I run a personal VPN network with Wireguard for my family and me. It started some years ago out of curiosity, but then became quite useful and started to grow. I created an overview of it, it's linked here: Network overview
This was working absolutely fine, until recently my ISP decided to switch me over from a traditional DSL to a coax cable (DOCSIS) connection. For this reason, the device that's labeled 'ISP Shitbox A' in the overview diagram, was changed. And while already at it, i decided to buy and add another router (that's the "Fritz!Box 4060"), because the new "ISP Shitbox A" doesn't have sufficient configuration options for my purposes.
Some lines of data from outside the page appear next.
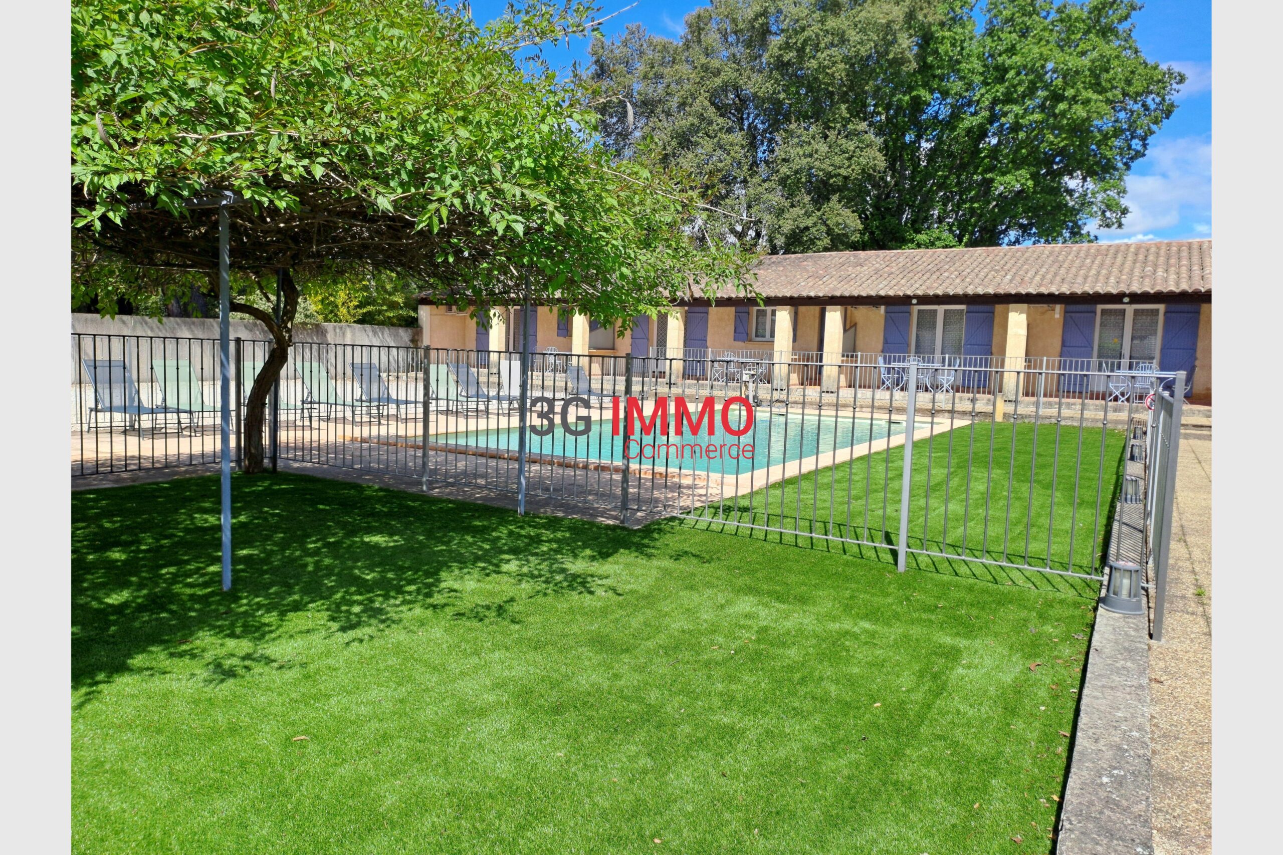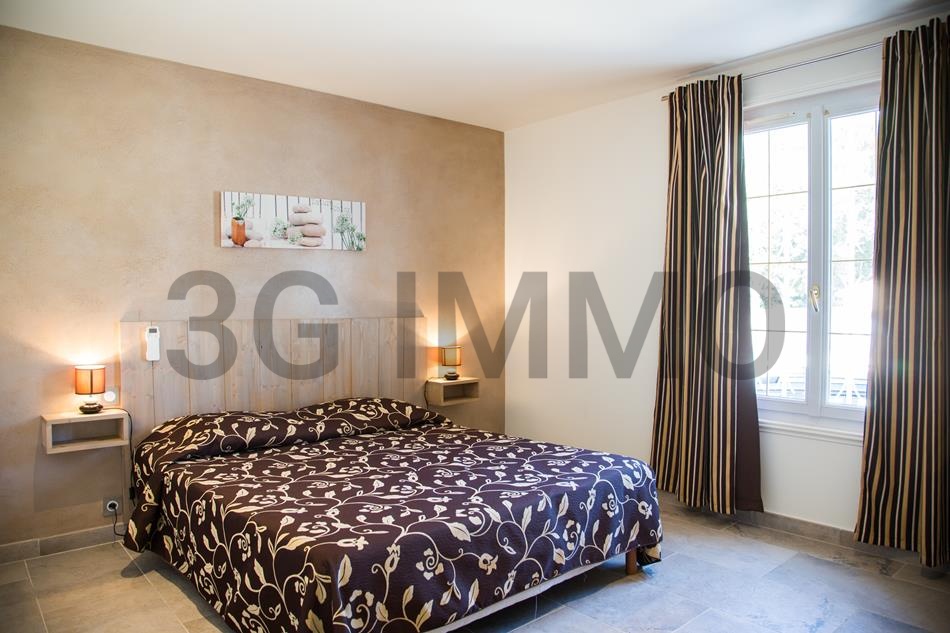 Rare dans le secteur ! Idéalement située, entre Uzès, Nîmes et Avignon, dans un village authentique et prisé à 5 minutes du Pont du Gard, avec écoles et commerces, venez découvrir cette résidence de tourisme composée d’un bâtiment d’accueil, de 13 logements de plain-pied entièrement meublés et équipés, pouvant accueillir de 2 à 6 personnes. Ils sont tous dotés d’une terrasse privative donnant sur le jardin et piscine sécurisée. Prestations complémentaires : 8 salles d’eau neuves, wifi, forage, buanderie indépendante, système de vidéo-surveillance, places de parking à proximité des appartements. L’ensemble est édifié sur un terrain plat, clôturé et arboré de 1790m2. L’activité fonctionne très bien, les clients sont entièrement satisfaits de leur séjour au sein de cette résidence. Le gros atout supplémentaire inclus dans le prix : une magnifique habitation traditionnelle meublée de 160m2 attenante à l’activité pour les futurs propriétaires souhaitant avoir un logement indépendant. La maison a été entièrement rénovée, elle possède une cuisine, grande pièce à vivre, quatre chambres avec leurs salles d’eau, un terrain de 1873m2 avec piscine. Ne passez pas à côté de cette opportunité, venez vite découvrir ce lieu d’exception. Bien non soumis au DPE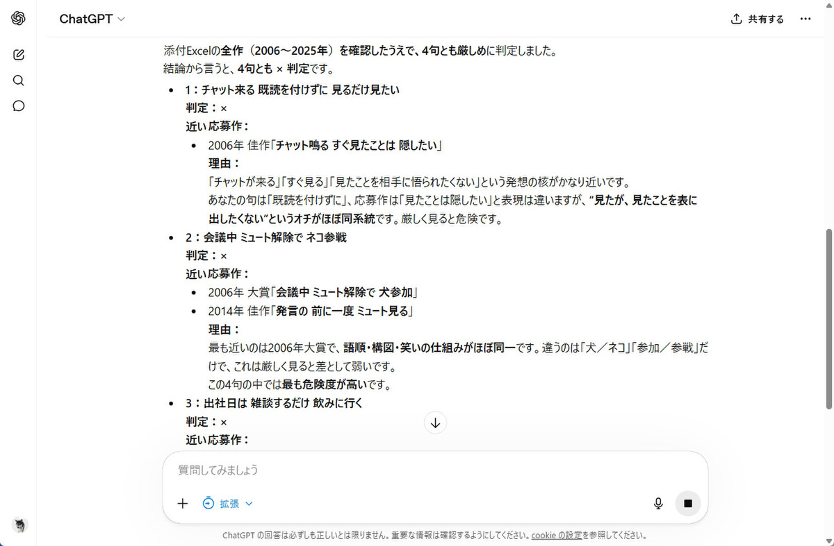 ちなみに、ユーザーに忖度して×を出しているのか確認するため、関係ない4句も判定させてみた。もちろん、すべて○判定となった。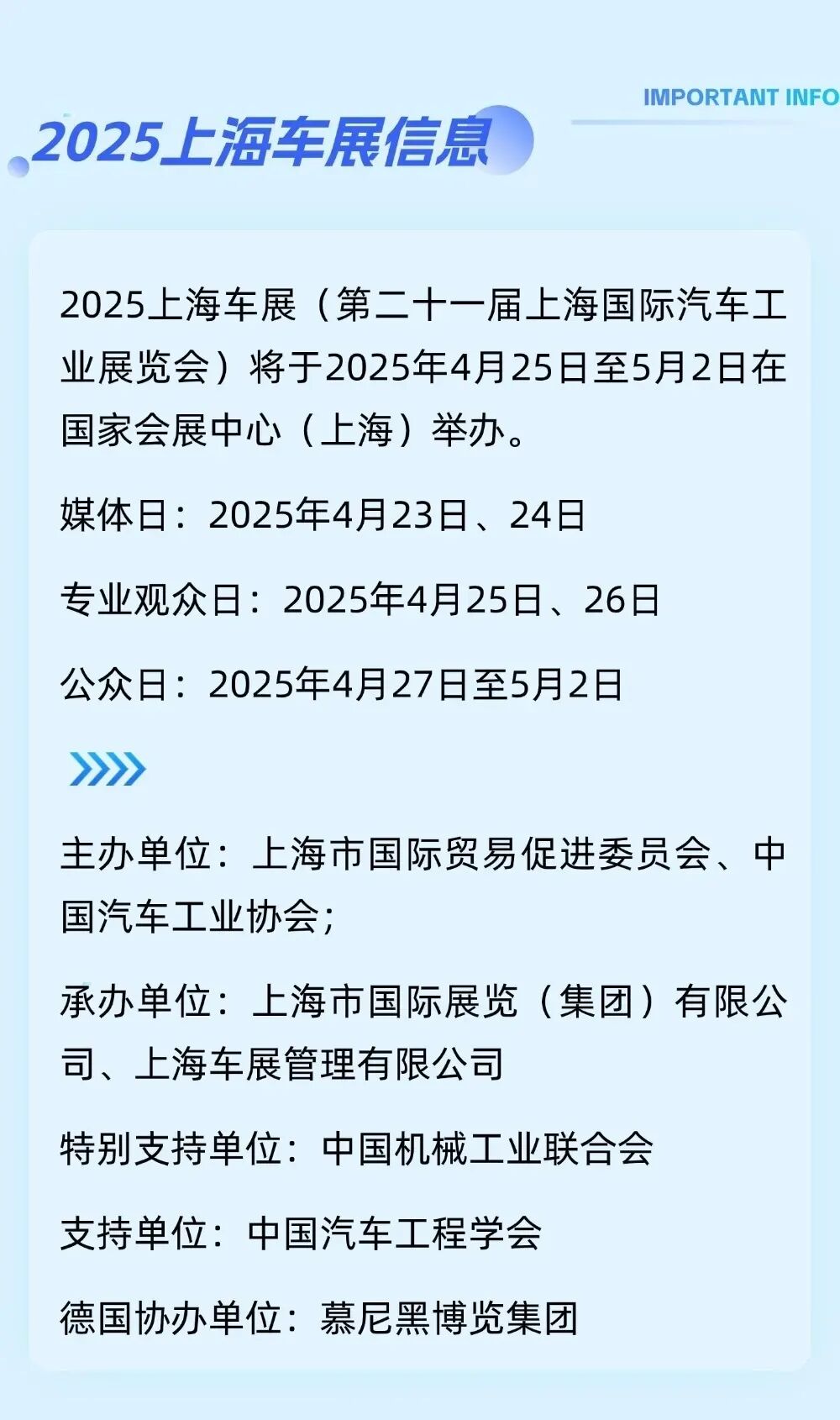2025上海车展(第二十一届上海国际汽车工业展览会)将于2025年4月25日至5月2日在国家会展中心(上海)举办。

So in the "zrh" part of the network, the devices were assigned new local IP adresses and i had to change some routes for this to properly work, but it seemed fine - at first glance. Then i unfortunately noticed, that the performance of my VPN was heavily degraded. I'm not talking about some percent here, but instead from 20+ MByte/s to just a couple of kilobytes per second (often causing HTTP connections to timeout). But to be more specific:
In the zrh net, i have a Raspberry Pi ("zrh-02", running Raspberry Pi OS Lite 11), that's acting as a VPN gateway, connecting the zrh net to the ams net (or more detailed, a VPS which i named "ams-01", Ubuntu Server 22.04). I also have another Raspberry Pi ("fra-01", Raspberry Pi OS Lite 11) in the fra net, which is acting as counterpart and connects also the fra net to the ams net. (The yellow and blue parts of the network on the left side of the diagram shouldn't be relevant for the problem, but i included them for completeness.)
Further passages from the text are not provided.